The holotype has been selected because this particular puparium still contains the head and thorax of the pharate adult and clearly displays separated upper and lower eyes. However, adults collected on Euphorbia , that appear to be B. euphorbiarum , also exhibit upper and lower eyes conjoined by one ommatidium, a situation also noted by Malumphy et al. (2009). Molecular research aligns B. euphorbiarum populations with New World Bemisia afer complex ( Gill & Brown, 2010).

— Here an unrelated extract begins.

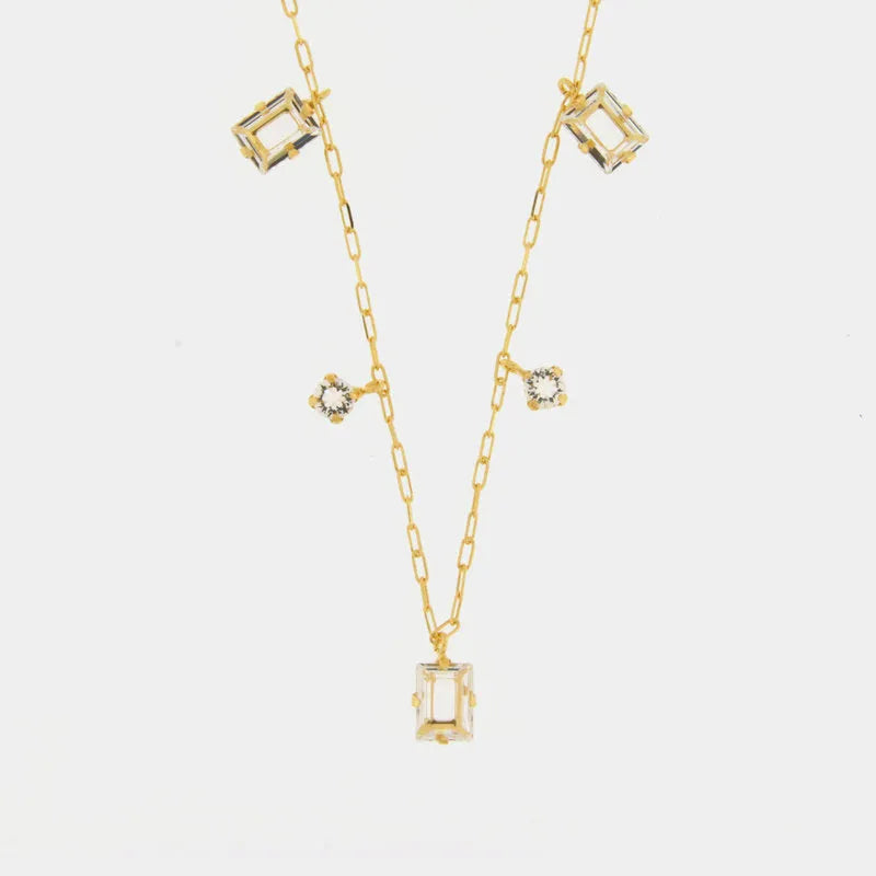 Collana in Argento 925 a catena con cristalli rettangolari pendenti

Euphorbia regis-jubae , apparently the preferred host for B. euphorbiarum , is distributed in the eastern Canary Islands (Lanzarote, Fuerteventura and Gran Canaria) and in south-western Morocco, on cliffs, rocky slopes and disturbed areas. E. lamarckii is a western Canarian endemic species; two varieties ( var. lamarckii in the south an west, and var. wildpretii in the north) occur in Tenerife, and only one variety ( var. wildpretii ) occurs in La Gomera, La Palma and El Hierro. E. atropurpurea is endemic to the south and west of Tenerife Island where it is exposed to humid winds on cliffs, whilst E. berthelotii is endemic to the south and west of La Gomera. E. balsamifera Ait. is present on all of the Canary Islands, mainly in the lower-altitude regions near the coast, but also grows in North Africa.